The Day Before I Went Away series

“One of the few respites from the cycle of propaganda and exercise was the occasional visit of singers and dancers brought in to perform for troops before they headed to war – a heightened experience for these groups of agitated, isolated young men. In the series of satirical paintings “The Day before I went Away” (2008), Guo Jian offers impressions of how young woman were positioned by the army in these covertly erotic performances to manipulate the soldiers to the point of sexual hysteria and blood lust.”  

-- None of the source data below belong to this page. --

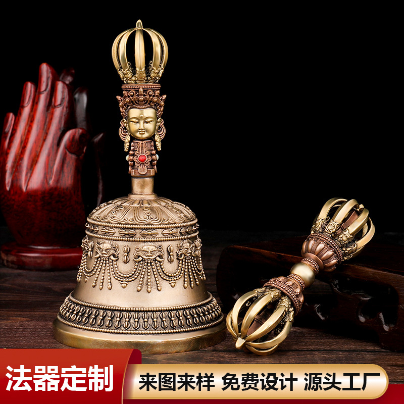 ネパール手作響銅金剛鈴金剛杵水陸法会用品蔵鈴五股金剛杵法器鈴
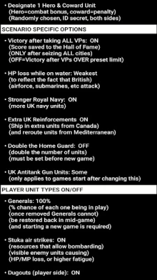 Varje omgång i denna simulering garanterar en unik upplevelse tack vare inbyggd variation och avancerad AI-teknologi. Anpassa din krigföring med ett brett utbud av inställningar: justera svårighetsgraden, ändra storleken på hex-rutorna, animationshastighet, välj ikonuppsättningar för enheter (NATO eller REAL) och städer, och bestäm vad som ska visas på kartan. Du kan till och med stänga av popup-dialoger och ge britterna extra förstärkningar för en ännu större utmaning. För dig som älskar att rulla tärningar och kommendera kartongdivisioner, erbjuder denna serie den djupa, historiska wargaming-känslan utan den tidskrävande förberedelsen. Engagera dig i ett av historiens mest intressanta "vad-om" scenarion, ett som faktiskt simulerades av verkliga militära befälhavare redan 1974.
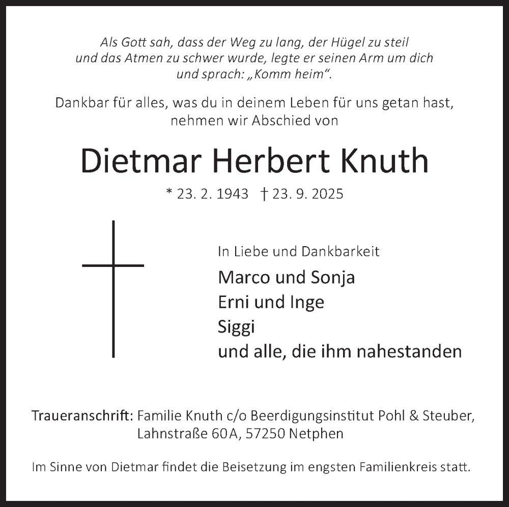 Hier finden Sie alle Traueranzeigen aus der Zeitung, die bisher für Dietmar Herbert Knuth erschienen sind. Weitere Traueranzeigen, die in der Zeitung erscheinen, werden hier ebenfalls aufgelistet
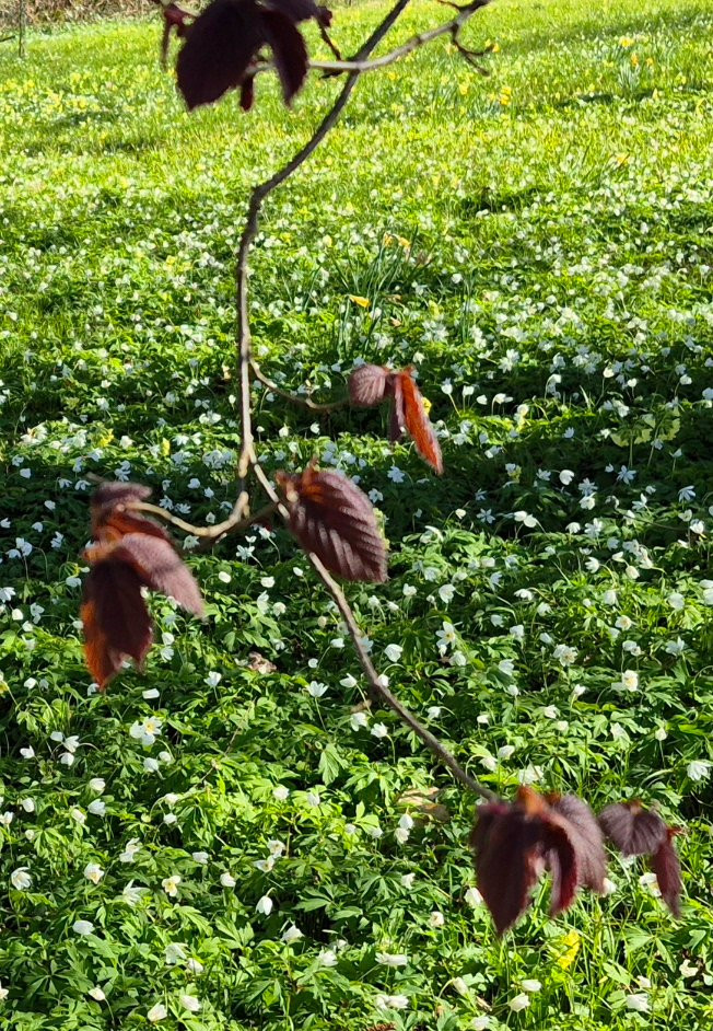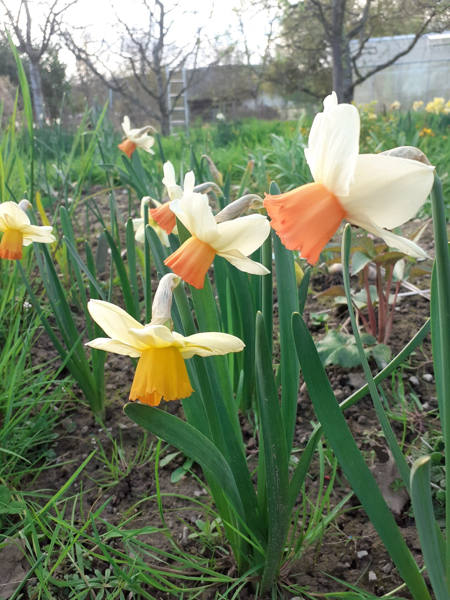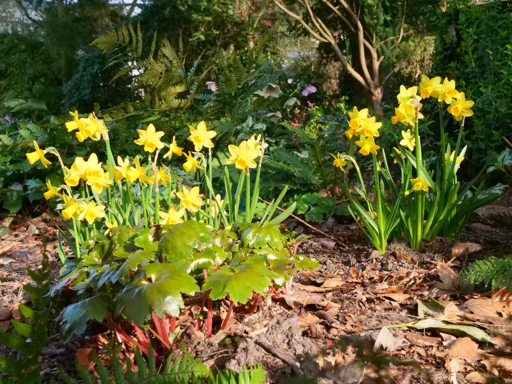 Narzissen, vorne Oktoberle, im Hintergrund Helleboren
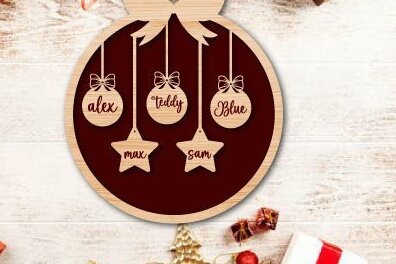 Intra απο ξύλο plywood 3mm-4mm πάχος Όνομα Χριστουγεννιάτικου Διακοσμητικού Οικογένειας & Ζώου Δίασταση 8×8 cm INTRAFABR-36889466
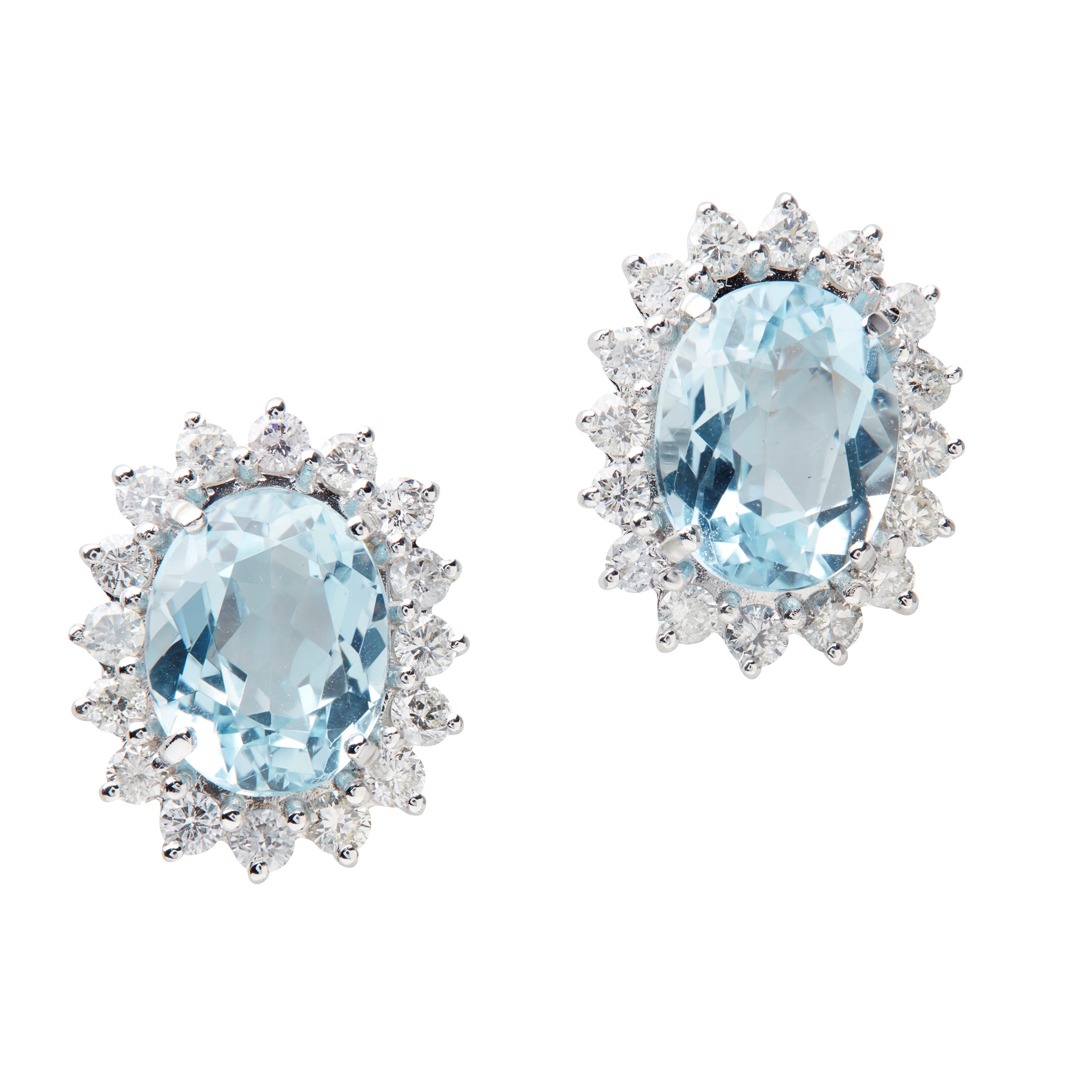 each claw set with an oval mixed-cut aquamarine, in a border of round brilliant-cut diamonds, to 18ct white gold post and butterfly fittings stamped 750
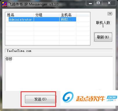 2、选择用户,输入信息,点击发送,则在局域网中的用户就会收到信息
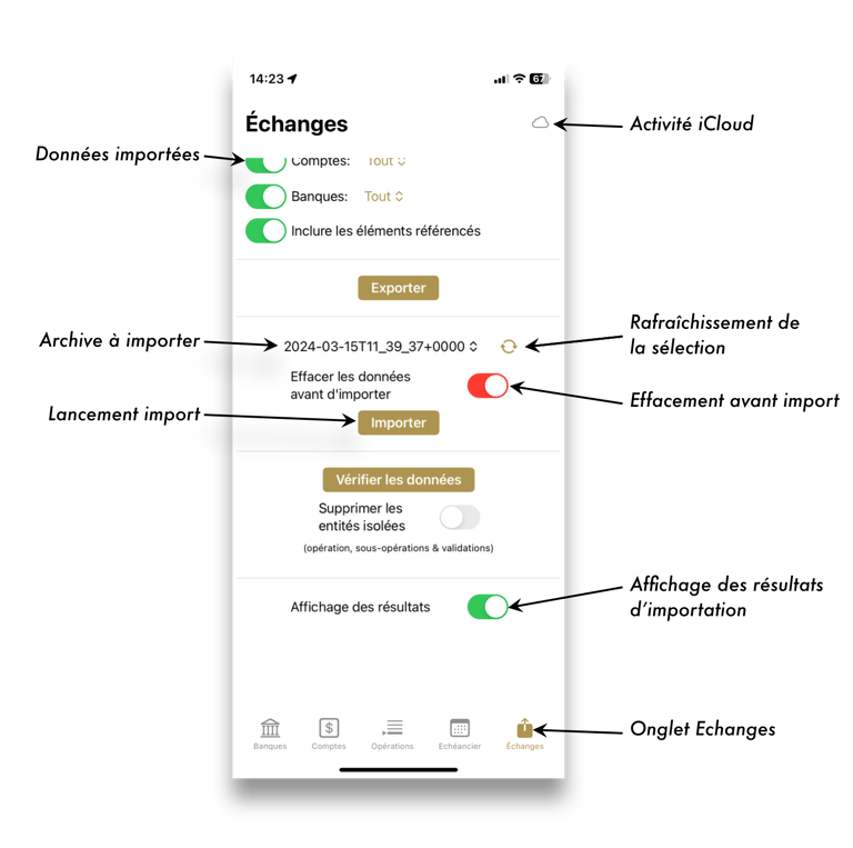 Indiquer avec l'interrupteur si vous souhaitez effacer les données avant l'importation

The PLA’s Entertainment Soldiers, also known ‘Military Performing Troupes’, ‘Song and Dance Troupes’ or ‘Military Art Troupes’  were initially recognised by Mao Zedong as an important element of ‘art as a form of media’ which was one of the most effective forms of propaganda.  For Mao “revolution was art; art was revolution”, and art as a form of mass media was possibly one of the most effective and long lasting impressions that could be left on a people, and was left on the Chinese people.

From the earliest days of China’s civil war in the 1930s through to current times, these performance troupes have served to romanticize ideals of the communist party’s struggle. As of 2013 Chinese government employed 10,000 military troupe performers in thirty PLA troupe groups.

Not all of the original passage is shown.